- [EXERCISE DESCRIPTION]:
Among the entries below, find the line with "舞钢市水利局加强水利工程汛期安全管理工作的提醒函" and the line with "Эксперименты с параметрами". Return exactly those lines and every line between them, but no pictures.

- [DATA TO USE]:
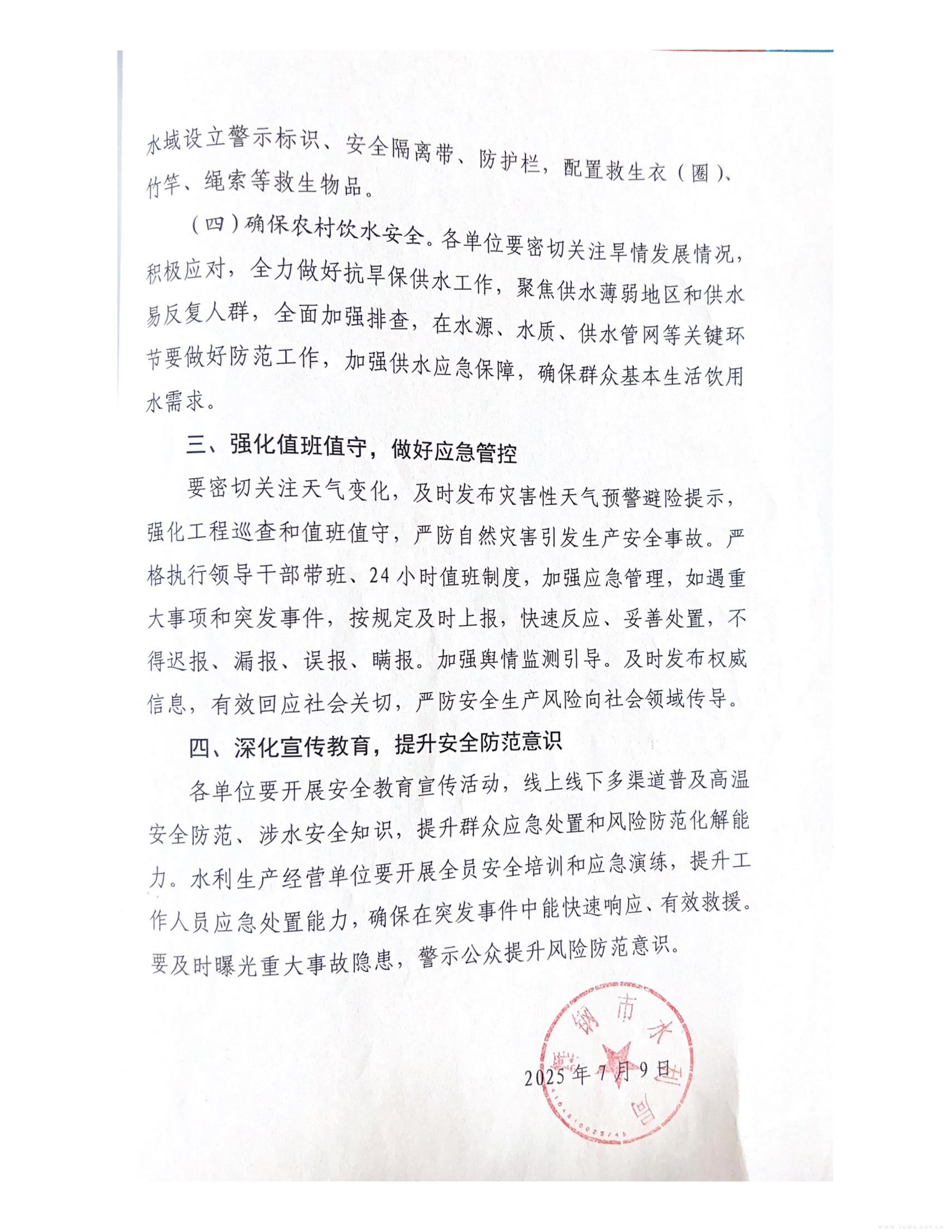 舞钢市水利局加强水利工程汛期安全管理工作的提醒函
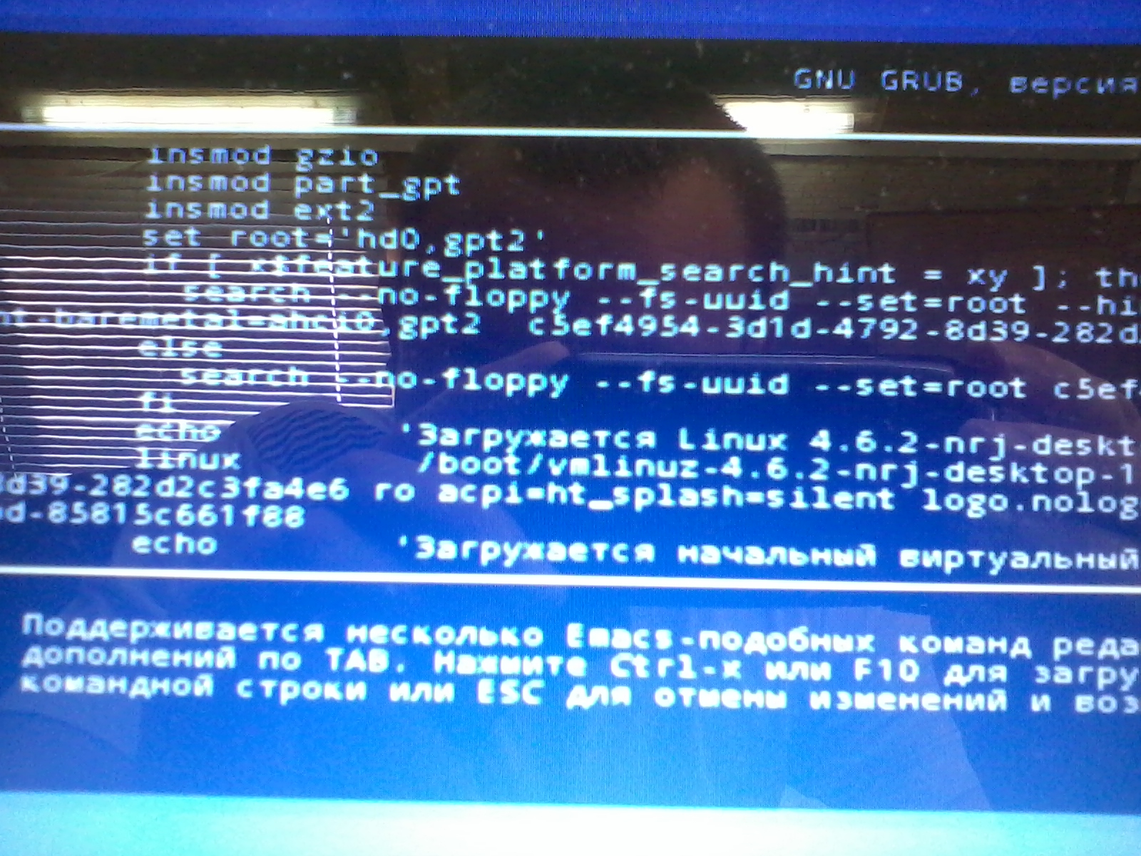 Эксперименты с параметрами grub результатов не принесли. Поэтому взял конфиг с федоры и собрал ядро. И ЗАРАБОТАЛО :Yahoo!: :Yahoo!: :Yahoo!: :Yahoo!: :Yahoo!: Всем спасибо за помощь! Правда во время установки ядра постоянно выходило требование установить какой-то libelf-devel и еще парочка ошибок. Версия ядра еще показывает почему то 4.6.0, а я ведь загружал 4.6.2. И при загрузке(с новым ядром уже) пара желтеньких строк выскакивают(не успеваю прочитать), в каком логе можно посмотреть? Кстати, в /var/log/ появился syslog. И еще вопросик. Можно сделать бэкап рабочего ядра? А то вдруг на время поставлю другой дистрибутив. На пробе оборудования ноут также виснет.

* * *

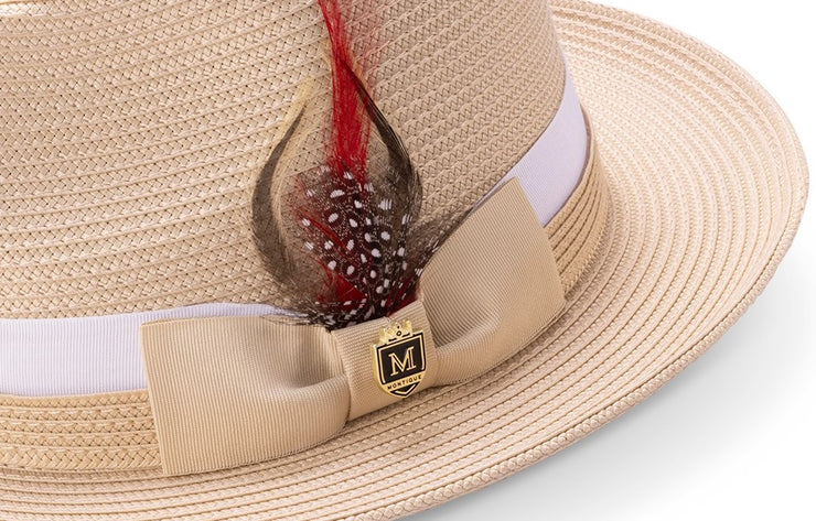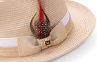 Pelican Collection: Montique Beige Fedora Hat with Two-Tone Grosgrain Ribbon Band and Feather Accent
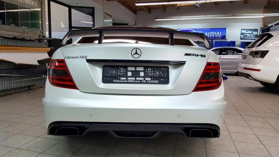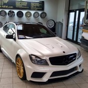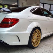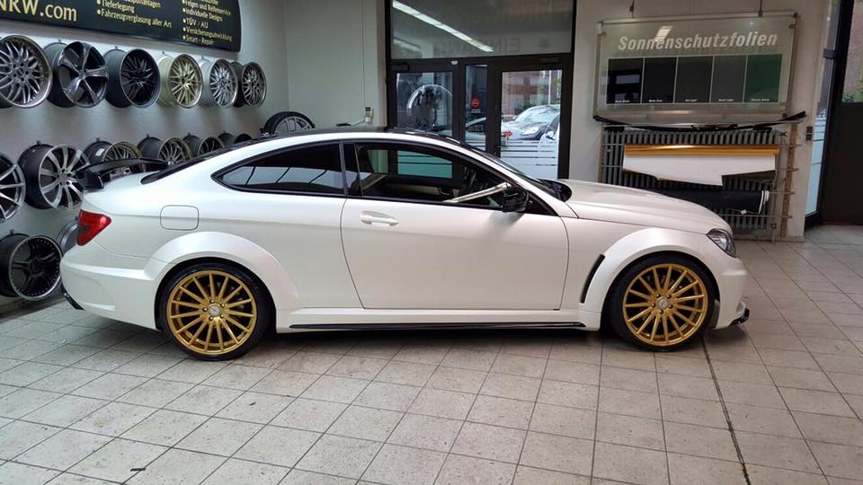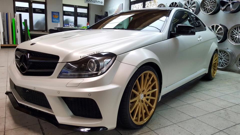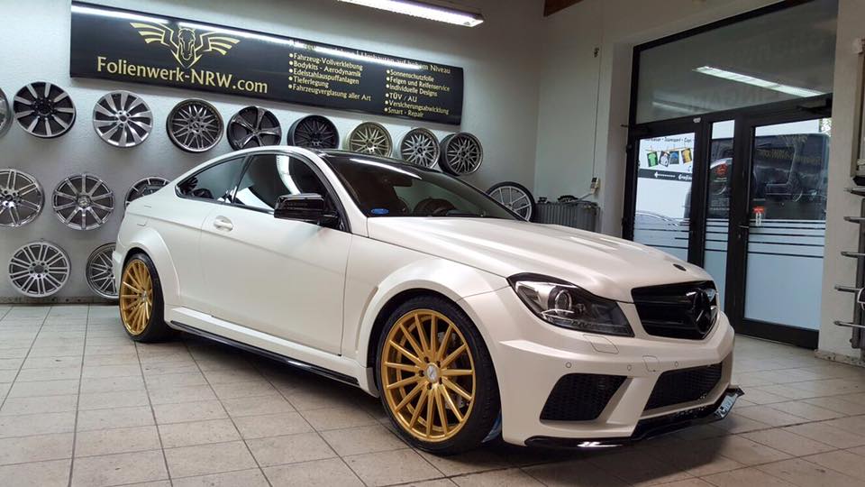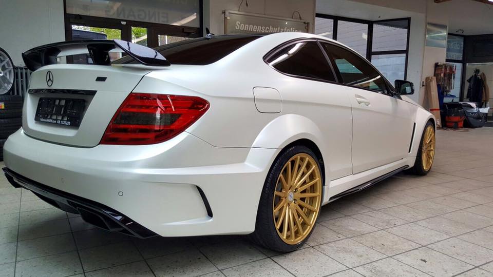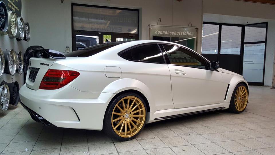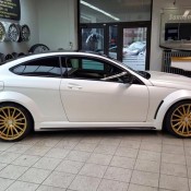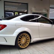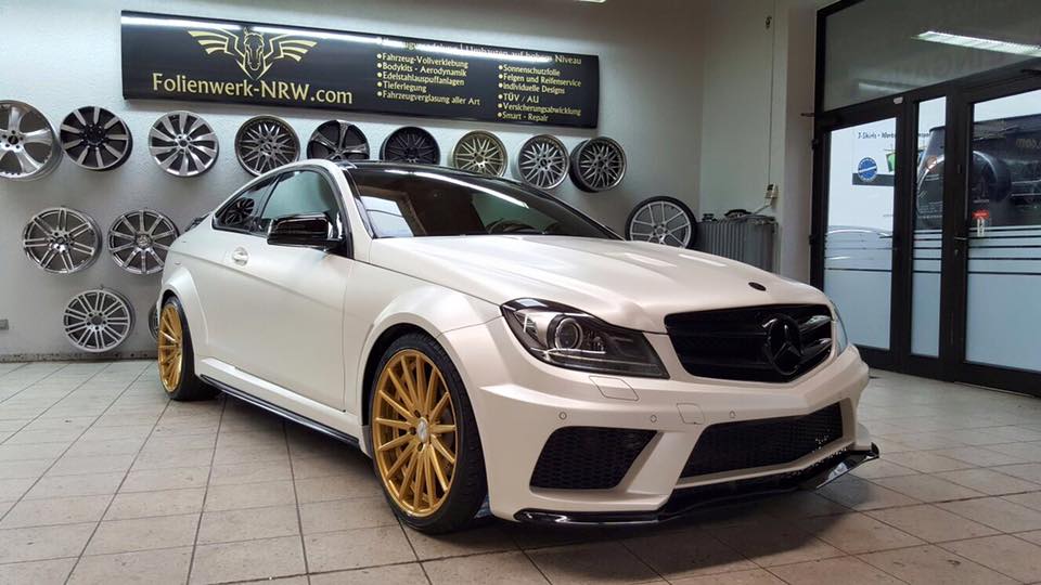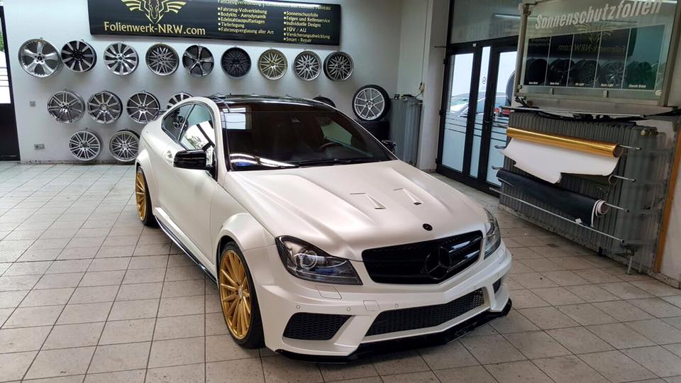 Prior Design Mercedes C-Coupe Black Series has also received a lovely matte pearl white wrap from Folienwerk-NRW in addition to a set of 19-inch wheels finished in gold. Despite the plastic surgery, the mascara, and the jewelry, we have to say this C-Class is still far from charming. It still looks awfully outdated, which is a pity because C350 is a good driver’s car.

---

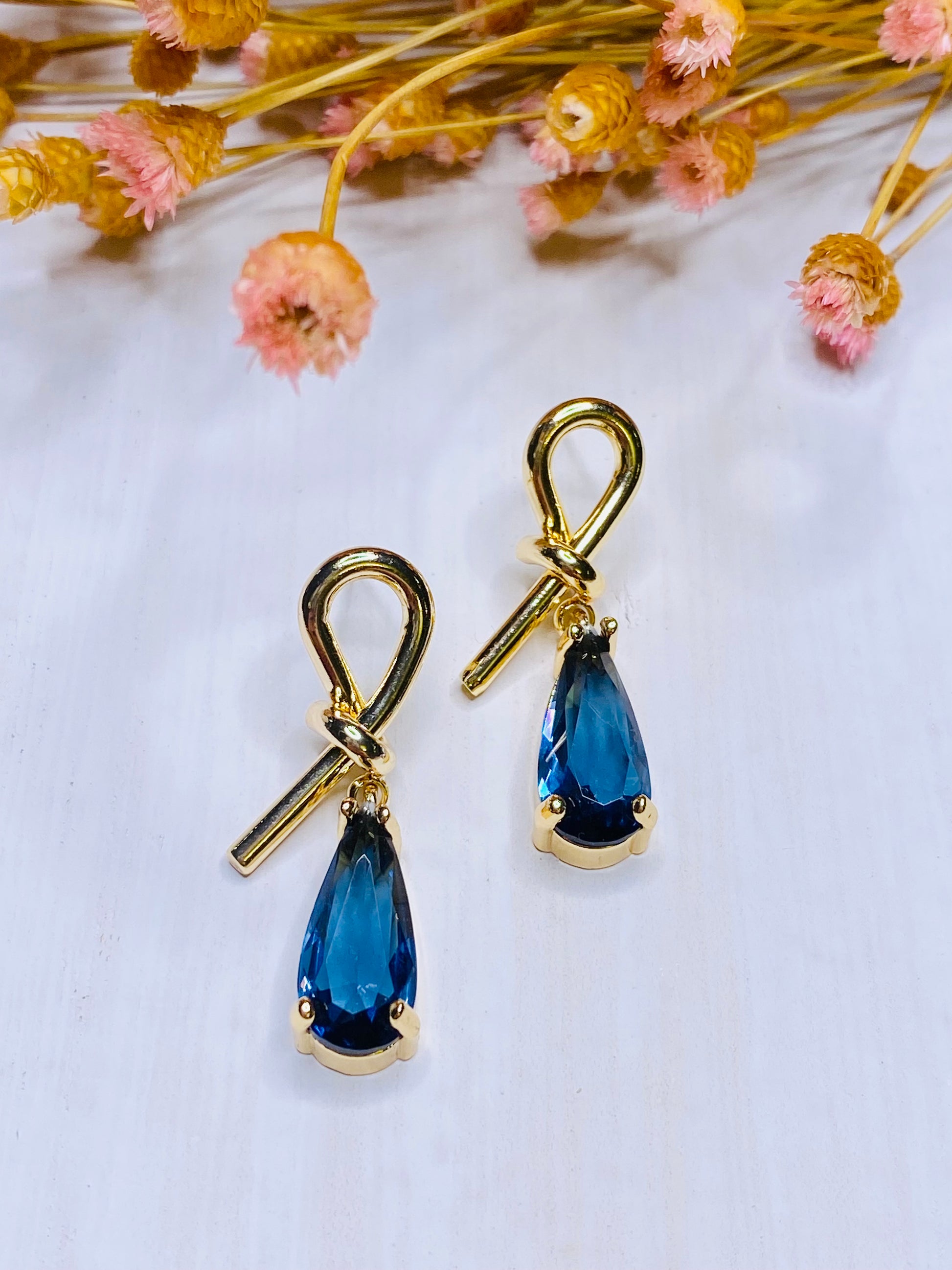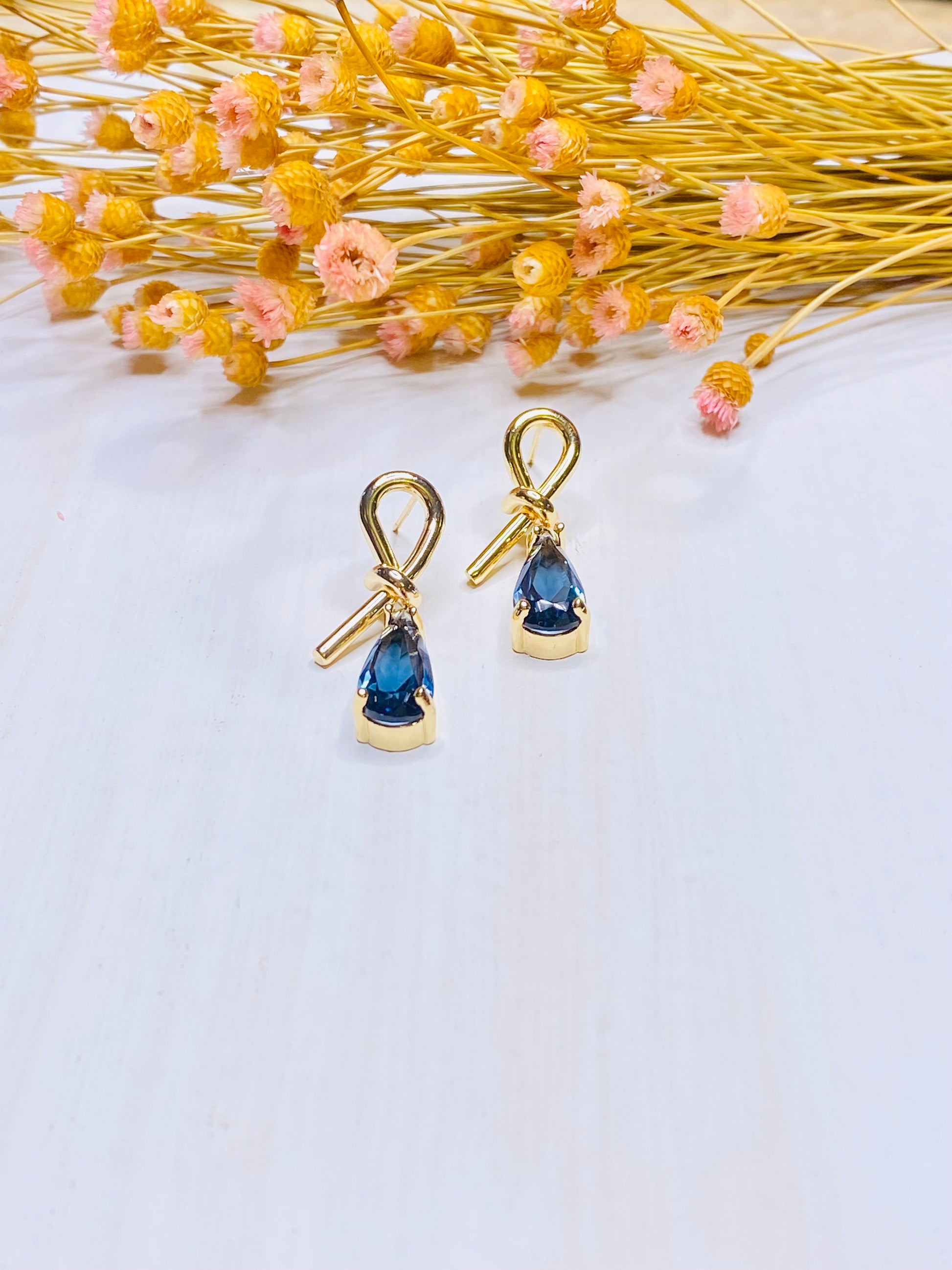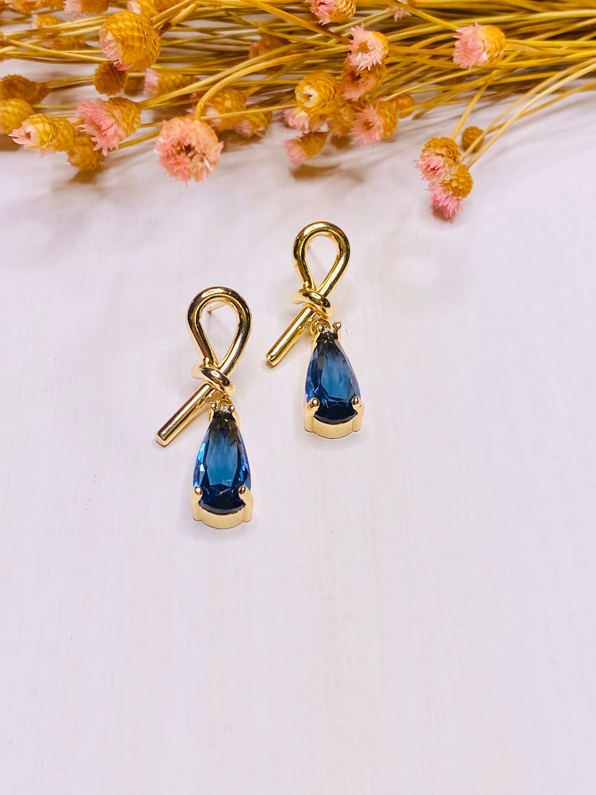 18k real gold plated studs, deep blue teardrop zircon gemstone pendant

- [EXERCISE RESULT]:
 舞钢市水利局加强水利工程汛期安全管理工作的提醒函
 Эксперименты с параметрами grub результатов не принесли. Поэтому взял конфиг с федоры и собрал ядро. И ЗАРАБОТАЛО :Yahoo!: :Yahoo!: :Yahoo!: :Yahoo!: :Yahoo!: Всем спасибо за помощь! Правда во время установки ядра постоянно выходило требование установить какой-то libelf-devel и еще парочка ошибок. Версия ядра еще показывает почему то 4.6.0, а я ведь загружал 4.6.2. И при загрузке(с новым ядром уже) пара желтеньких строк выскакивают(не успеваю прочитать), в каком логе можно посмотреть? Кстати, в /var/log/ появился syslog. И еще вопросик. Можно сделать бэкап рабочего ядра? А то вдруг на время поставлю другой дистрибутив. На пробе оборудования ноут также виснет.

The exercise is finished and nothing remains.